- Born: Marguerite Frances Baird 1890
- Died: September 23, 1970 (aged 79–80) Tivoli, New York
- Spouses: ; Orrick Johns ​ ​(div. 1919)​ ; Malcolm Cowley ​ ​(m. 1919; div. 1931)​

= Peggy Cowley =

American painter

Marguerite Frances Cowley (née Baird; 1890 – September 23, 1970), known as Peggy Cowley and also as Peggy Baird and by her first married name Peggy Johns, was an American landscape painter. She was married to poet-playwright Orrick Johns and writer Malcolm Cowley and was the lover of playwright Eugene O'Neill and poet Hart Crane.

==Activism==
Baird was a member of the women's suffrage movement. In 1917, she invited Dorothy Day to join the National Woman's Party. They were jailed for 60 days for their protests but were released after 16 days and pardoned by President Woodrow Wilson.

==Personal life==
After divorcing her first husband, Johns, she married Malcolm Cowley in 1919. In 1931 she moved to Mexico to obtain a divorce. While there her long friendship with poet Hart Crane turned into Crane's first and only documented heterosexual affair. As Crane wrote to a friend about his romance with Peggy Cowley, "Rather amazing things have happened to me since Xmas. Peggy Cowley ... is mainly responsible". This affair has since become a major point of interest for Crane scholars—particularly for those reading him with an eye toward his sexuality—as his engagement with heterosexual life is a determining theme in his last major poem, "The Broken Tower". Appearing at moments to be a highly symbolic affirmation of their relationship, as well as a denial of his homosexual past (the 'broken tower' can be read as a defeated phallus), the poem was written just months before Crane committed suicide by jumping off of a passenger ship in 1932, following a trip to Mexico.

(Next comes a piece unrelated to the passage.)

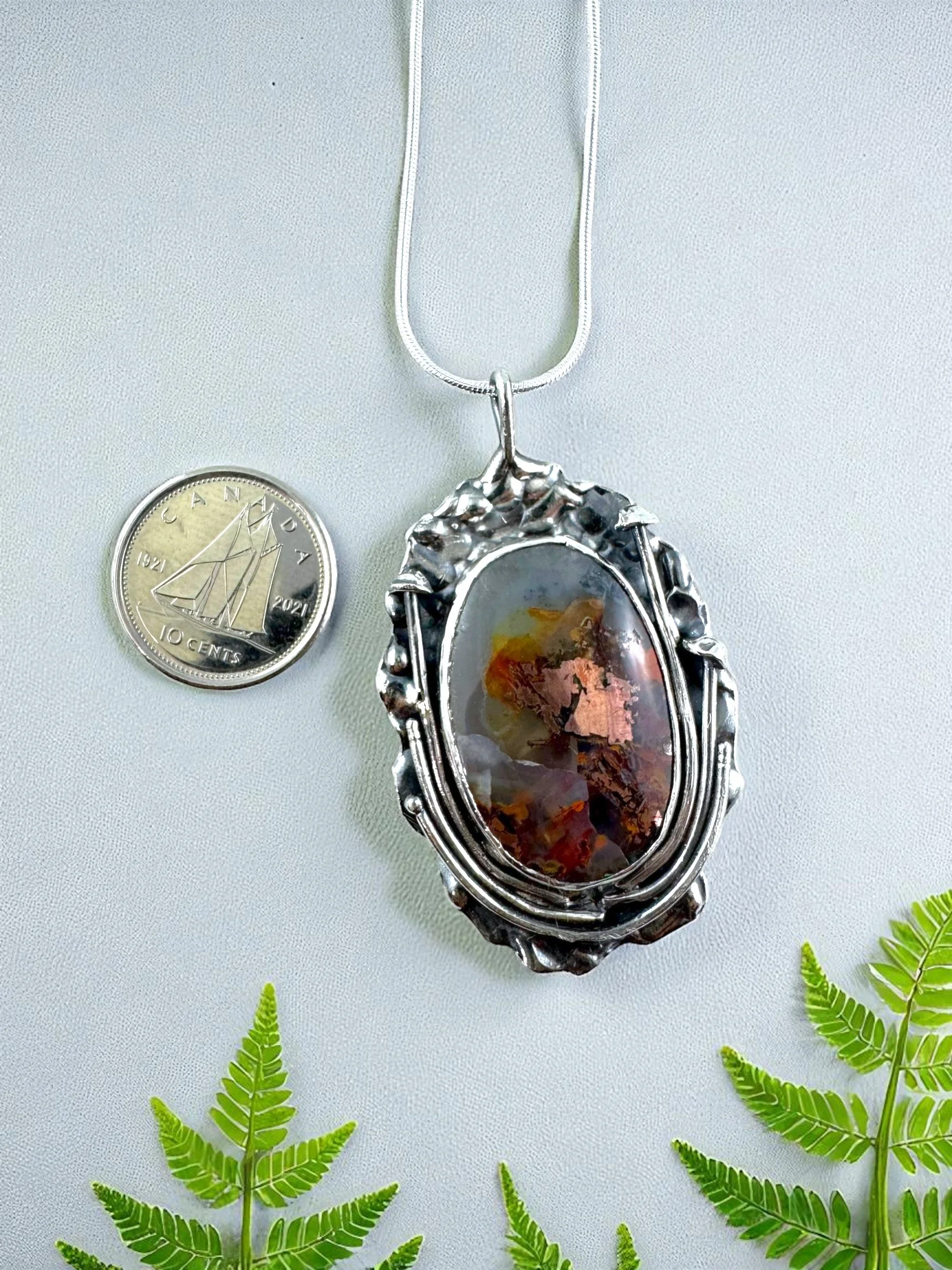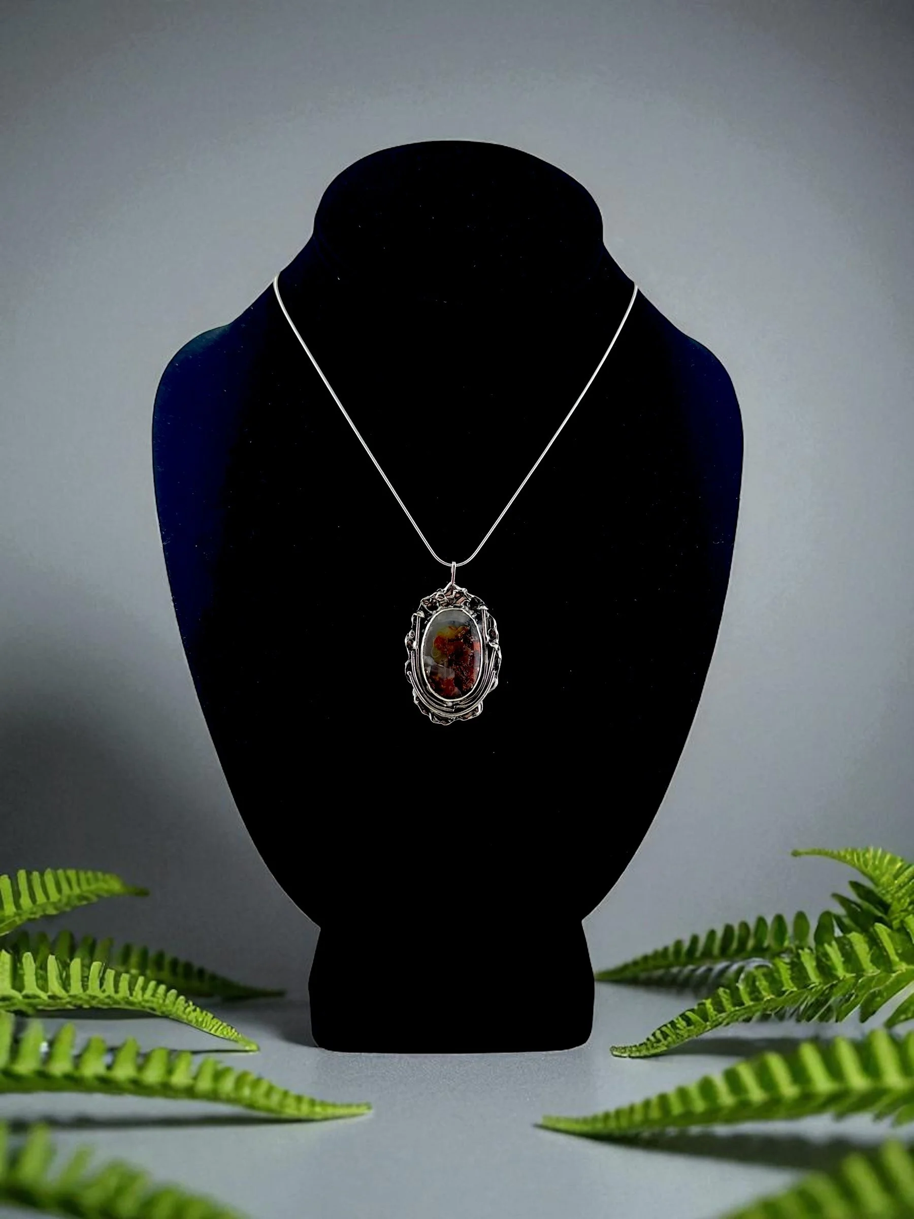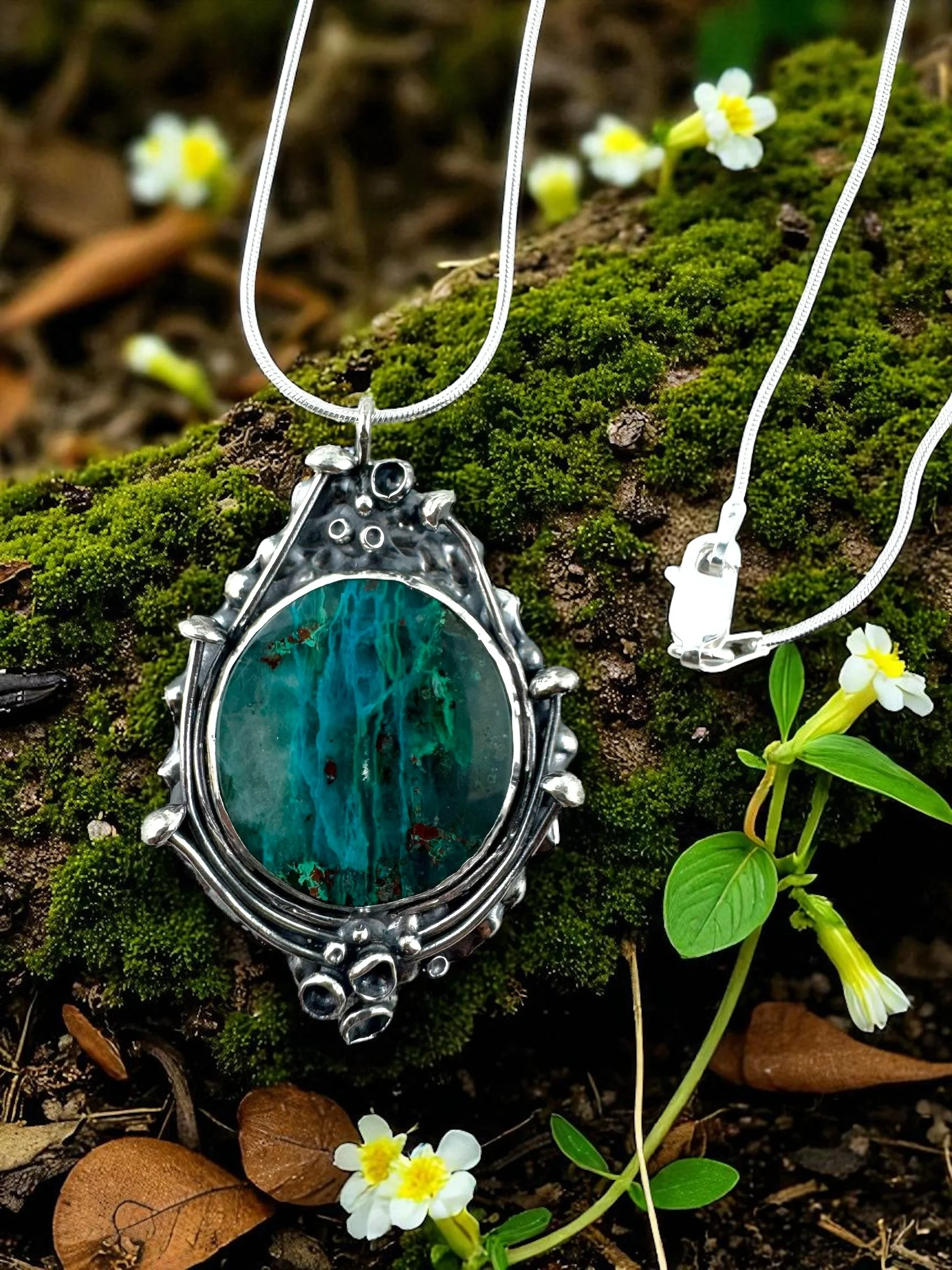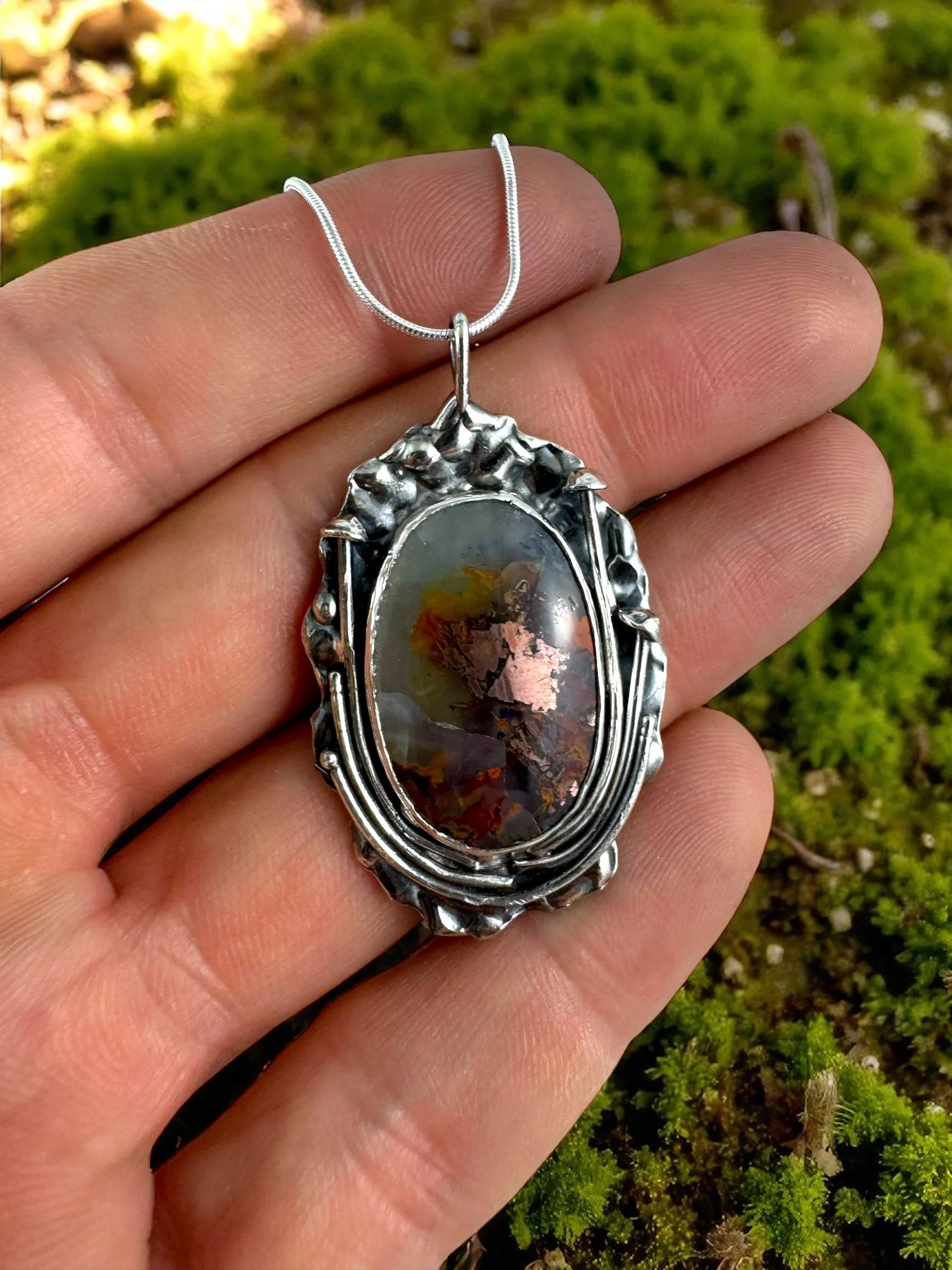 Like a secret garden captured in silver, this necklace holds a fiery Ethiopian Welo opal at its heart—its colors flashing with green, gold, and ember-red as if lit from within. The organic, textured silver setting takes inspiration from lichen: wild, intricate, and alive with detail. No two curves are alike, making it as untamed and unique as nature itself.
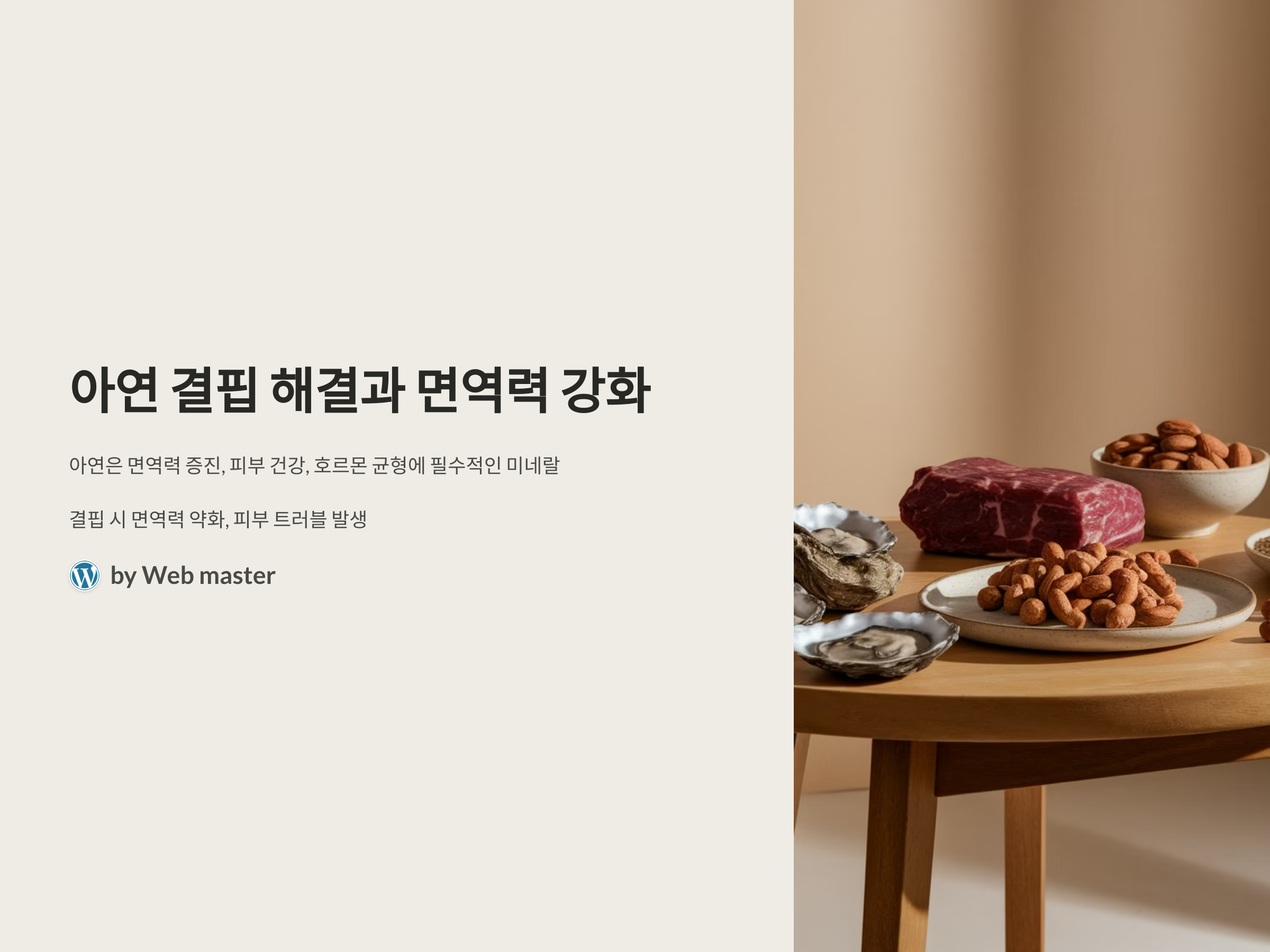 아연은 우리 몸에서 중요한 역할을 하는 미네랄로, 면역력 증진, 피부 건강, 호르몬 균형을 유지하는 데 필수적입니다. 아연이 부족하면 면역력이 약화되고, 피부 트러블이나 다양한 건강 문제가 발생할 수 있습니다. 본 글에서는 아연 결핍을 해결하고 면역력을 강화하며 피부 건강을 유지하는 방법에 대해 알아보겠습니다. 이를 통해 아연의 중요성을 더욱 잘 이해하고, 일상에서 어떻게 아연을 섭취할 수 있을지에 대해 구체적으로 다루겠습니다.

Though their relationship had begun to deteriorate by that time (Crane said he had "misunderstood and misinterpreted Peggy's character quite badly"), Cowley was with Crane on the boat, and she figures briefly, but poignantly, in the events leading up to his death.Hart Crane and family papers Almost thirty years later, she wrote about this period in an article for Venture, "The Last Days of Hart Crane."

After Crane's death, Cowley married twice more and converted to Catholicism at the age of 60. Cowley died of cancer at Dorothy Day's Catholic Worker Farm in Tivoli, New York, where Cowley had resided for ten years.